Baghdad College of Medical Sciences
- Type: Private
- Established: 2000
- Dean: Haider Al_tukmaji
- Location: Baghdad, Baghdad Governorate, Iraq
- Website: bcms.edu.iq

= Baghdad College of Medical Sciences =

University in Baghdad, Iraq

Baghdad College of Medical Sciences is a private Iraqi university established by the Iraqi Pharmacists Syndicate in accordance to the law and regulations of Ministry of Higher Education and scientific research (MOHE) governing the establishment and administration of private universities and colleges. The college is specified that it is a special scientific establishment with a general benefit, and it has its financial and administrative independence and it enjoys all the rights and specifications that are listed in the law.
The license to establish the college was granted on 14 September 2000.

== Departments ==
The college has two departments:

- The Department of Pharmacy
- the Department of Nursing

== About ==
The college is a non-profit scientific organization directly supervised by the Ministry of Higher Education & Scientific Research (MOHE), dedicated to graduate pharmacy students who are well trained and educated in all pharmaceutical fields. The focus of teaching and training is on clinical and industrial pharmacy as well as community pharmacy. The college maintains a 30 permanent academic staff with PhD and MSc. degrees in various pharmaceutical disciplines. In addition, visiting professors & instructors from public pharmacy and medical colleges contribute to the academic activities in the college. The college inaugurated its first graduate group of 71 graduates in the academic year 2004-2005.

The period of study at the college is 5 years. The college follows the seasonal semester system where the academic year is made up of 2 independent semester courses. This system is accredited by the MOHE for all pharmacy colleges in Iraq.

In 2018 the nursing department was established, and the name of the collage has changed from Baghdad College of Pharmacy to Baghdad College of Medical Sciences. The study duration in the nursing department is four years, and graduates are granted a Bachelor of Science in Nursing.

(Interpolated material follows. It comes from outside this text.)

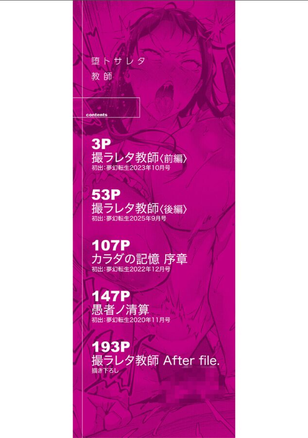 【第1話試し読み付き!!】クールぶった気の強い女教師をブチ●す!!!気の強い女教師・紗倉は、ストレスが溜まると学校でオナニーをして発散していた。しかし用務員の沼田にオナニーしているところを盗撮され、それをネタに脅され犯●れてしまう!その後も関係を強要され嫌々従う紗倉だったが、無理矢理レ●プされる事に興奮している自分に気づいてしまい…!?私はハメ撮りクズチ×ポが大好きな、クズマ×コ変態痴女です…!ダーク陵●作家・稲荷ばん茶、待望のセカンド単行本!【収録作品】撮ラレタ教師〈前後編〉カラダの記憶 序章愚者ノ清算撮ラレタ教師 After file.(描き下ろし)【特典】・メッセージペーパー・表紙原画

The college's future plan is to start postgraduate studies. Moreover, the college is concentrating on continuous training and education of post-career pharmacists. Short courses in specialized topics are regularly offered for practicing pharmacists. The college future plan to be a medical university with a teaching hospital and a facility for quality control of the produce of Iraqi pharmaceuticals and testing the coming medicine and their active ingredients by establishing a well equipped quality control labs with all 5 departments and prepared itself for post graduate study. The college plans to start continuous education in pharmacy science to graduate pharmacist in all field of their profession.